July 15, 2026 —
Voyager Therapeutics presented six-month good laboratory practice toxicology data for VY1706, its investigational BBB-crossing AAV gene therapy targeting tau for Alzheimer’s disease, at the Alzheimer’s Association International Conference.
The data showed that VY1706 was well tolerated in non-human primates following a single intravenous dose and produced sustained reductions in tau-related biomarkers for up to six months. Voyager reported up to 75% lowering of MAPT mRNA and tau protein in key Alzheimer’s disease-relevant brain regions.
VY1706 is designed to reduce both intracellular and extracellular tau, a protein associated with neurodegeneration and cognitive decline in Alzheimer’s disease. The therapy uses a vectorized siRNA targeting MAPT mRNA, encapsulated in Voyager’s TRACER™ AAV capsid for systemic delivery to the brain.

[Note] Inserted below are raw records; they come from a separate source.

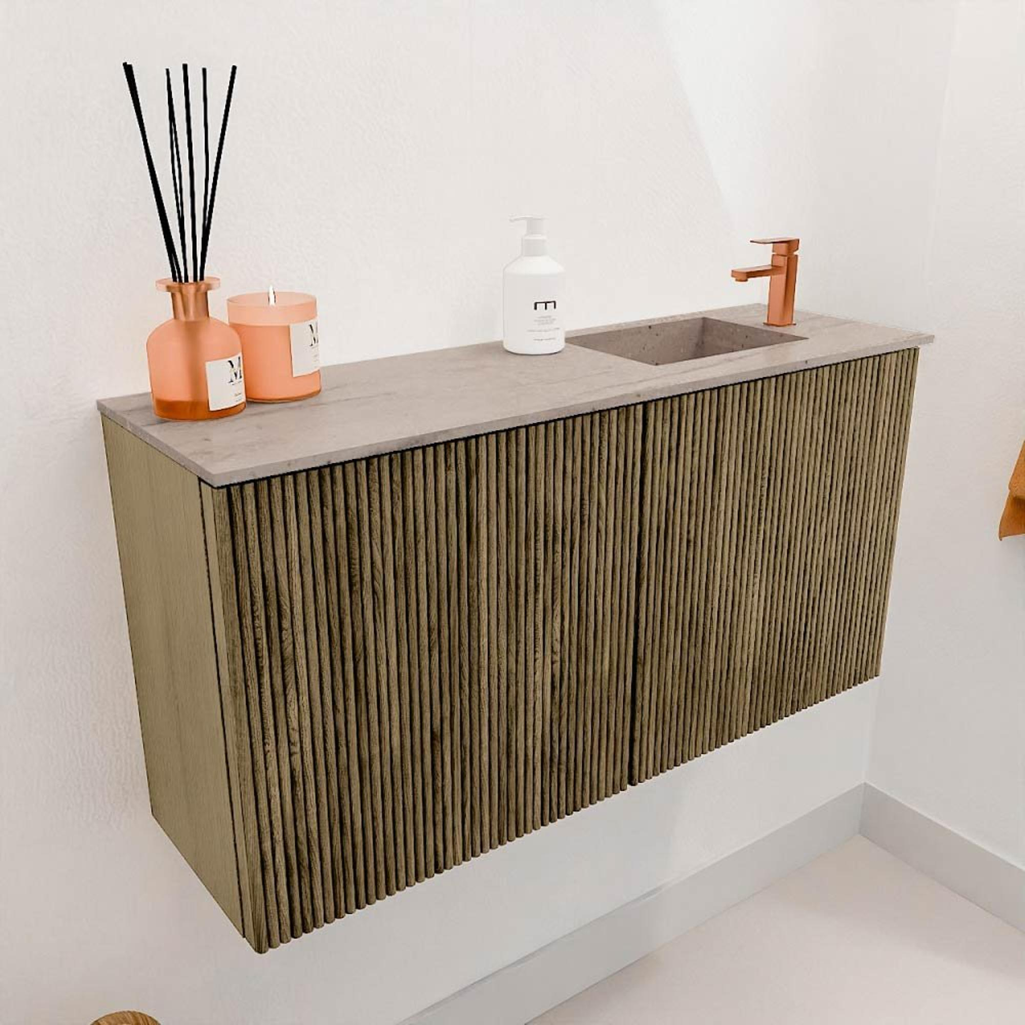 La série JOYA-DLUX est connue pour son apparence élégante et cela se reflète dans ce meuble. Les rainures verticales sur les panneaux de façade donnent une texture raffinée qui se remarque subtilement sans dominer. La couleur chaude Dusk combinée au chêne naturel offre un look intemporel qui s'adapte facilement à différents styles d'intérieur. Ainsi, vous créez une salle de bains qui n'est pas seulement fonctionnelle, mais aussi un véritable point focal. Avec ce meuble, vous apportez une pièce design à la maison qui dure des années et conserve son charme.
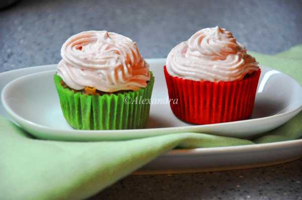 Нанести на остывшие кексы крем из кондитерского мешка и украсить ломтиками клубники.
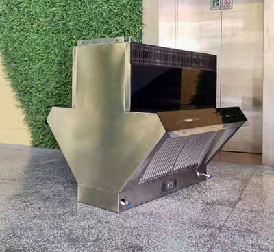 作為商業用途時,由于不需要連接煙管或煙道,適合任何環境下的餐飲廚房,商場中島等等均可安裝使用,實現商業餐飲功能;在室內吊裝時機器前后兩面,可以同時烹飪,同時進煙,在超過國家環保要求的同時,實現了室外“0”排放,室內無污染,增加了烹飪面積,降低了餐飲設施成本;同時正面出風的形式對廚房間的空間高度沒有了要求,非常適合小吃餐車,集裝箱式美食房,戶外小型美食房等餐飲場所。
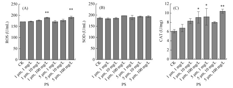 对在不同粒径和浓度的PS微塑料中暴露15 d的秀丽隐杆线虫体内的过氧化氢酶(CAT)活性进行测定,结果显示,当PS微塑料粒径为1 μm时,各浓度暴露组的线虫体内CAT的含量随着PS微塑料浓度的升高而升高,1 mg/L和10 mg/L的PS微塑料暴露组与对照组相比无显著差异(图 4C);但100 mg/L的PS微塑料暴露组则与对照差异显著(P < 0.05),与对照组相比,线虫体内CAT含量升高了0.4889%。当PS微塑料粒径为5 μm时,低暴露浓度(1 mg/L)和高浓度暴露组(100 mg/L)线虫体内的CAT含量与对照组相比均有显著差异,分别比对照组升高了51.12% (P < 0.05)和70.92% (P < 0.01)。
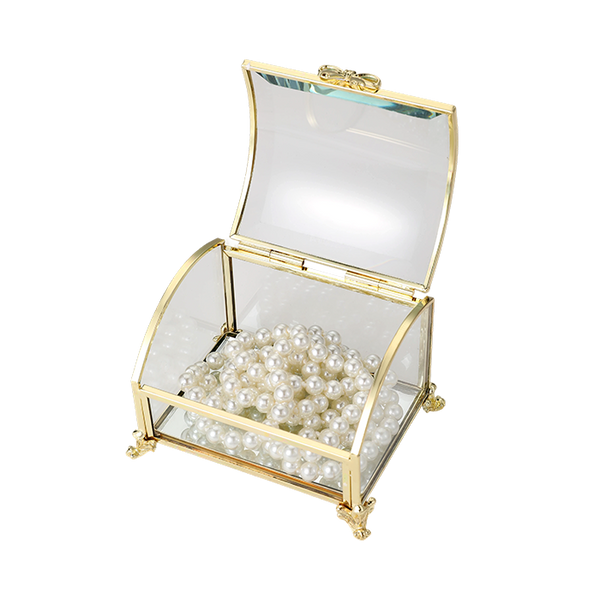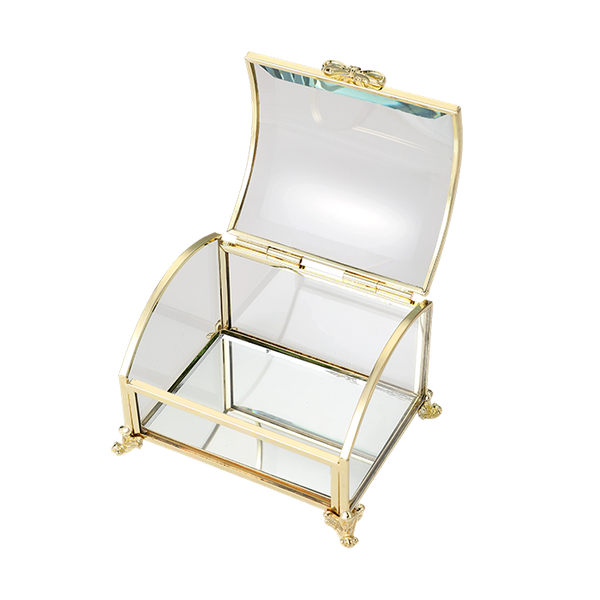 Chic gold curved jewellery box with clear glass panels and a graceful gold-tone frame. Measuring 6 x 10 x 7.7 cm, it’s perfect for storing and displaying rings, earrings, and small treasures, bringing a touch of elegance and charm to any space.

The TRACER capsid is designed to cross the blood-brain barrier after intravenous administration by leveraging ALPL, a conserved endothelial receptor expressed in brain vasculature. Voyager said ALPL-mediated transport supports the potential for cross-species translatability.
In the three- and six-month GLP toxicology study, VY1706 demonstrated a favorable tolerability profile in non-human primates. No adverse clinical pathology or histopathological findings were observed in the central nervous system, dorsal root ganglia, or peripheral organs, including the liver, up to the highest tested dose of 5 × 10¹³ vg/kg.
The data also showed broad, durable, and dose-dependent CNS delivery after a single intravenous dose. In addition to tau lowering, Voyager highlighted liver de-targeting as a potentially important feature, given that liver exposure can contribute to safety concerns in systemically administered gene therapies.
Voyager received FDA Investigational New Drug clearance for VY1706 in June 2026, enabling initiation of a clinical trial in adults with early Alzheimer’s disease. The company expects dosing to begin in the second half of 2026.
VY1706 is the first tau-targeted gene therapy with an IND cleared by the FDA, according to Voyager. The program reflects growing interest in using engineered AAV capsids and vectorized RNA silencing approaches to address neurological diseases that require broad CNS delivery.
If successfully translated into humans, VY1706 could represent a differentiated approach to Alzheimer’s disease by targeting tau production directly through a one-time intravenous genetic medicine. The upcoming clinical trial will be important for evaluating whether the preclinical safety, delivery, and tau-lowering profile can translate into patients with early disease.